Strictly speaking, Kukolnik wrote the play that introduced the whole Ivan Susanin business to the Russian stage, The Almighty’s Hand Saved Fatherland (criticizing it cost Polevoy his literary journal, The Moscow Telegraph), but his contribution to Glinka’s Ivan Susanin (a.k.a. A Life for the Tsar) was limited: baron Rosen wrote most of the libretto. (A curiosity in its own right, since Rosen claimed to have learned Russian in his late teens but was good at writing Russian verse to fit Glinka’s pre-composed music.) Into Soviet textbooks, Kukolnik was portrayed as a monarchist sycophant of inconsiderable talent. (See the 1931 Literary Encyclopedia for an example. It claims that Dostoevsky parodied Giacobo in Netochka Nezvanova.) It did not help that Pushkin apparently thought little of Kukolnik the dramatist and seemed to despise him overall. Mitigating factors were Kukolnik’s friendship with Glinka (the patron saint of Russian opera as it were), his co-authorship of the Ruslan and Liudmila libretto, and his lyrics to Glinka’s art song, including Doubt and The Train Song (Попутная песня ).
@ Paul Ogden.
The Eastern Yidish word about which you ask (פּלעמעניק ‘nephew’; in romanization, pleˈmenik) has nothing to do with the name of any food.
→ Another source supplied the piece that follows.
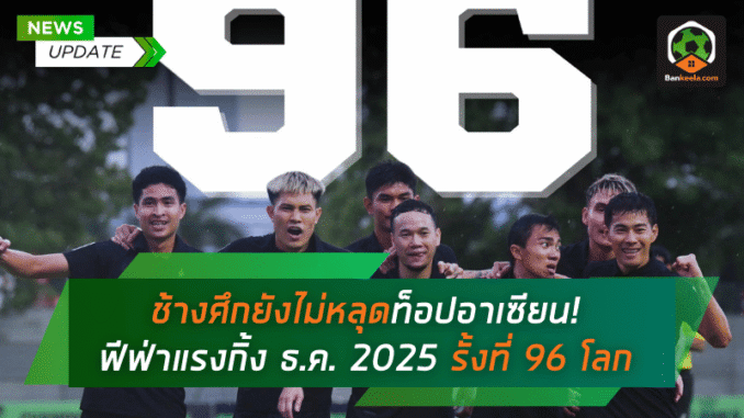 ช้างศึกยังไม่หลุดท็อปอาเซียน! ฟีฟ่าแรงกิ้ง ธ.ค. 2025 รั้งที่ 96 โลก ก่อนดวลเติร์กเมนิสถานชี้ชะตาคัดเอเชียนคัพ

That word and its female counterpart (פּלעמעניצע ‘niece’; in romanization, pleˈmenitse) come respectively from Belarusian пляменнік ‘nephew’ and пляменніца ‘niece’, which have cognates in Russian and Ukrainian.
None of those East Slavic words has anything to do with food either.
I’m sorry to say that Paul Ogden has passed away several years ago. But—his memory and the question live on.